Singapore convict escapes caning after sex change

A Singaporean man who underwent sex-change surgery before being convicted on drugs charges escaped caning after a court recognised the change in gender, local media reported Tuesday.

Preeta Nivashani M Rechnam, 40, was jailed on Monday for seven years and three months for a second drugs offence but she escaped caning as Singapore law dictates that women, and men over the age of 50, cannot undergo the punishment.

Applied with a rattan cane and dating back to British colonial rule, the punishment is typically imposed in robbery, drugs and some sex cases and is denounced as inhumane by rights groups.

The Straits Times newspaper said Rechnam had first been sentenced in 1998 to three strokes of the cane in addition to a jail sentence of five years after being caught using morphine.

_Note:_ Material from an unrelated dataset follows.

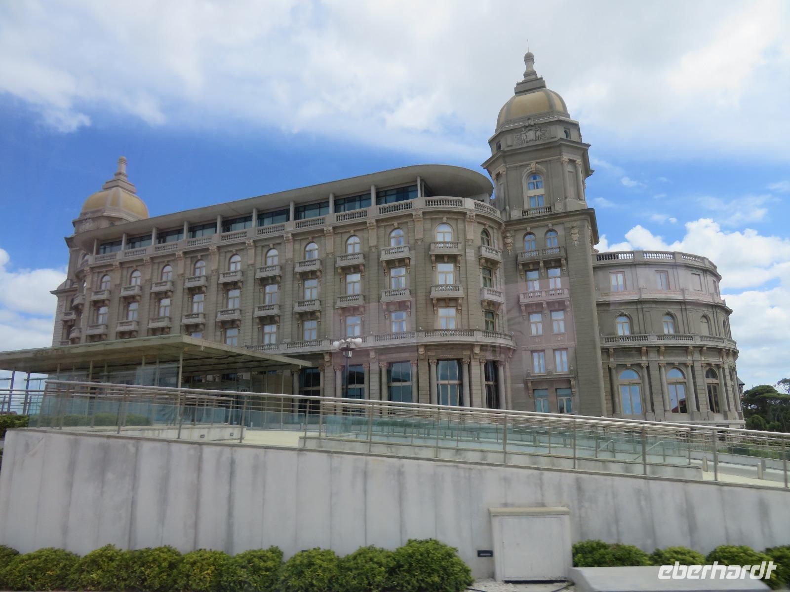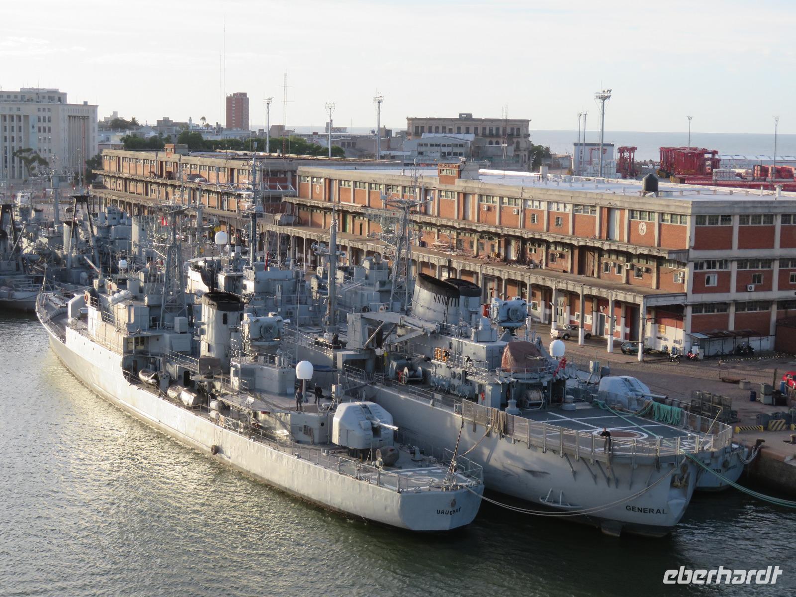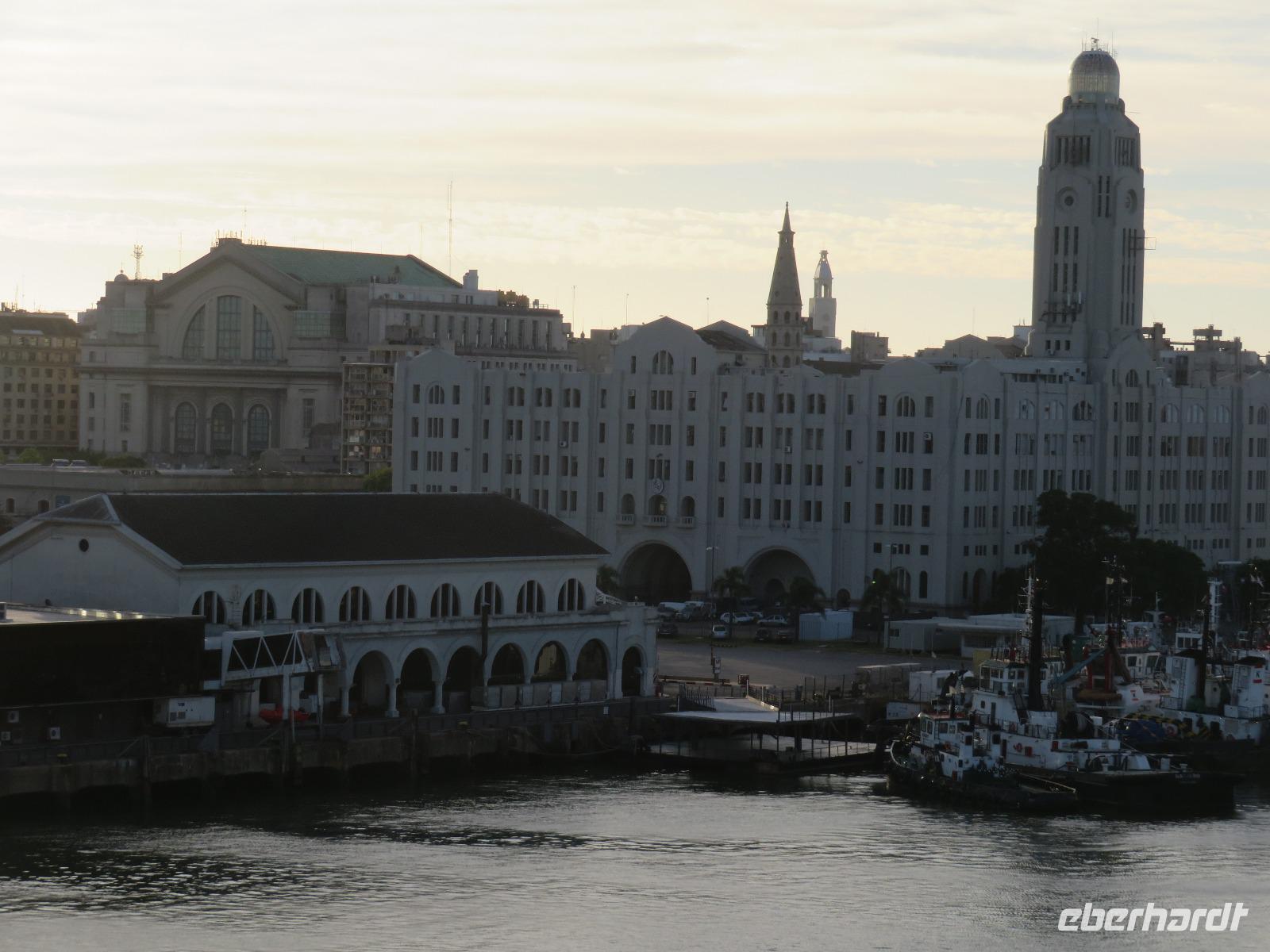 Nachdem wir die erste Nacht auf dem Schiff verbracht haben, hieß es Leinen fest und an Land...Montevideo wartet bereits auf uns. Unsere Reiseleiterin Kathrin heißt uns herzlich willkommen und zeigt uns bereits nach wenigen Metern die Reste der berühmten Graf Spee. Anschließend ging es in die 1726 gegründete Stadt. Montevideo wurde letztes Jahr zur Stadt, mit der höchsten Lebensqualität in Südamerika gewählt. Warum die Wahl gerade auf diese Stadt gefallen ist, erschließt sich mir allerdings nicht gleich. Aber ich bin ja auch nur Besucher und kein Einwohner. Neben dem Parlamentsgebäude, dem traditionsreichen Fußballstadion sehen wir noch das Wohnhaus des amtierenden Präsidenten und beobachten die Passanten mit ihren Thermoskannen. Bereits in Iguazu ist mir das aufgefallen. Eine überaus große Anzahl an Personen trägt immer eine Thermoskanne umher, um das Nationalgetränk, den Mate Tee überall zu genießen. Zum Nachmittag verlassen einige Gäste noch einmal das Schiff und laufen in das angrenzende Viertel und dessen Markthalle. Die Markthalle ist einfach beeindruckend. Sie ist mehr oder weniger zweigeteilt. Auf der kleinen Seite gibt es kleine Geschäfte und auf der anderen Seite brutzeln über offenem Feuer die dicken Steaks, riesige Würste, halbe Hühner und der Duft ist umwerfend. Zurück auf dem Schiff entern wir die Eistheke und lassen die Seele bis zum Abendessen bei einem oder zwei, drei, vier... Cocktails baumeln.
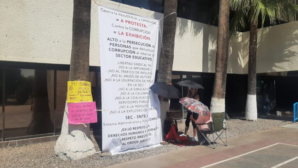 HERMOSILLO, SON.- La maestra Martha Elba González Pérez se encadenó a las afueras de las instalaciones de la Secretaría de Educación y Cultura desde las 11:00 horas de este jueves, denunciando abuso de autoridad por parte de las autoridades de la Secundaria General #2 Cajeme y de la misma SEC.

Following release, Rechnam went to Thailand in 2006 for sex-change surgery but was rearrested last December for consuming metamphetamines and heroin in Singapore's red-light district in the company of two men.

If Rechnam had not undergone sex-change surgery, she could have been sentenced to six to 12 strokes of the cane in addition to the jail term for being a repeat offender.

A mug shot published in the Straits Times Tuesday showed Rechnam sporting a thick mop of hair that fell over her shoulders -- and what appeared to be a stubble on the chin.

Lawyers interviewed by the daily said the judge's ruling was likely to have been influenced by a medical report on Rechnam's emotional and physical state.

Singapore law allows men who have undergone sex-reassignment surgery to be recognised as women and marry men.